But from this accident, Kahlo finally started a career as an artist. The self-portrait theme is Kahlo's main choice in her work because since the accident she is used to being alone. Her father and mother were so supportive of Kahlo's activities, they even helped make a special drawing board backrest so she could paint on the bed. Of her total of 200 paintings, most of them are self-portraits, and nearly all of them have been interpreted by critics as symbolic depictions of Kahlo's physical and psychological wounds.


Kahlo's slump was compounded by an affair between her husband Diego Rievea with a number of women, including his sister Cristina. Kahlo painted subjects that were extremely rarely seen, including the pain of her divorce. She painted the miscarriage that ended her pregnancy. She painted domestic violence. These paintings were raw and vivid. She took private, uncomfortable subjects and put them in the public view. Such art must have been shocking in society because these topics are still considered by many to be too private to discuss openly. Yet, these subjects impact so many people, so deeply, that art seems a natural way to address them. This is especially true given the thoughtful treatment that she gave to the subjects. Kahlo’s courageous use of her clear-eyed and direct art to illuminate women’s experience was advocacy genius.

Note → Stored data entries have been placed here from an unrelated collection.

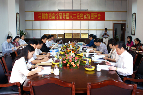 梧州市档案馆晋升国家二级档案馆测评会现场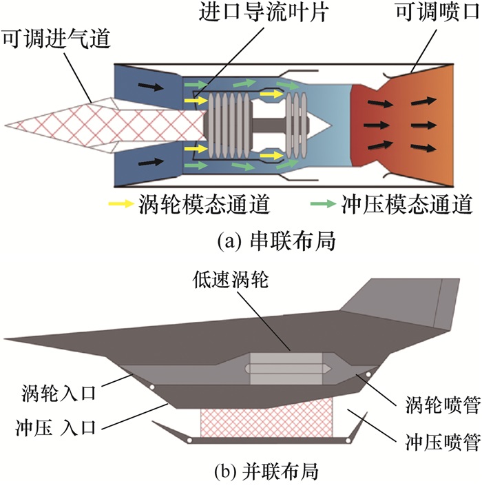 TBCC有单通道、双通道2种布局。双通道布局下,涡轮和冲压发动机上下分布,共用进气道和喷管扩张段,通过进气道斜板调整工作模态。单通道布局分为串联、并联2种,如图 2所示。串联时,冲压发动机置于涡轮发动机后方,通过气动阀门调节工作模态;并联时,涡轮和冲压发动机轴向分布。2种布局方式各有优劣。串联布局的尺寸、质量小,迎风阻力小,低速性能好,但在高Ma条件下飞行时涡轮发动机的性能受限,飞行速度上限较低;并联布局的尺寸和质量较大,但能更好发挥冲压发动机的优势,速度上限高[9]。因此,双通道或并联式TBCC非常有可能成为未来高超声速飞行器的最佳动力方案。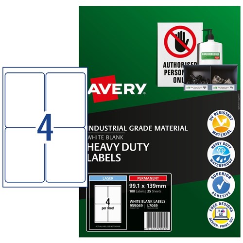 Heavy duty, waterproof, UV, oil and tear resistant unaffected by temperatures between -20°C to 80°C. Ideal for labelling equipment and organising property. Engineered to take on tough applications where a standard label is not fit for purpose. Customise your labels with Avery Design and Print, available at averyproducts.com.au/print. Made in Australia. Size: 99.1x139mm 100 labels, 25 sheets. 4 labels per sheet (4UP).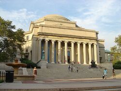 Columbia scientists and scholars have played a pivotal role in scientific breakthroughs including brain-computer interface; the laser and maser;[12][13] nuclear magnetic resonance;[14] the first nuclear pile; the first nuclear fission reaction in the Americas; the first evidence for plate tectonics and continental drift;[15][16][17] and much of the initial research and planning for the Manhattan Project during World War II. Columbia is organized into twenty schools, including four undergraduate schools and 16 graduate schools. The university's research efforts include the Lamont–Doherty Earth Observatory, the Goddard Institute for Space Studies, and accelerator laboratories with Big Tech firms such as Amazon and IBM.[18][19] Columbia is a founding member of the Association of American Universities and was the first school in the United States to grant the MD degree.[20] With over 14.5 million volumes, Columbia University Library is the third-largest private research library in the United States.[21]

So, Kahlo was simply an artist who captured her flaws on canvas. She had facial hair, one leg smaller than the other, a fractured spine, and she was a woman that could barely walk. She often used a wheelchair and could barely get out of bed, but her disability is what fuelled her luminous creativity. She was unapologetic about who she was and that’s why she continues to shine today. She never pretended to be someone else, she’s just being herself. From Kahlo’s story we have to remember that our limitations and our past are not an obstacle for us to be able to develop or create extraordinary work. However, we can use our weakness into strengths like Kahlo who has inspired many people by sharing her life story through her beautiful paintings.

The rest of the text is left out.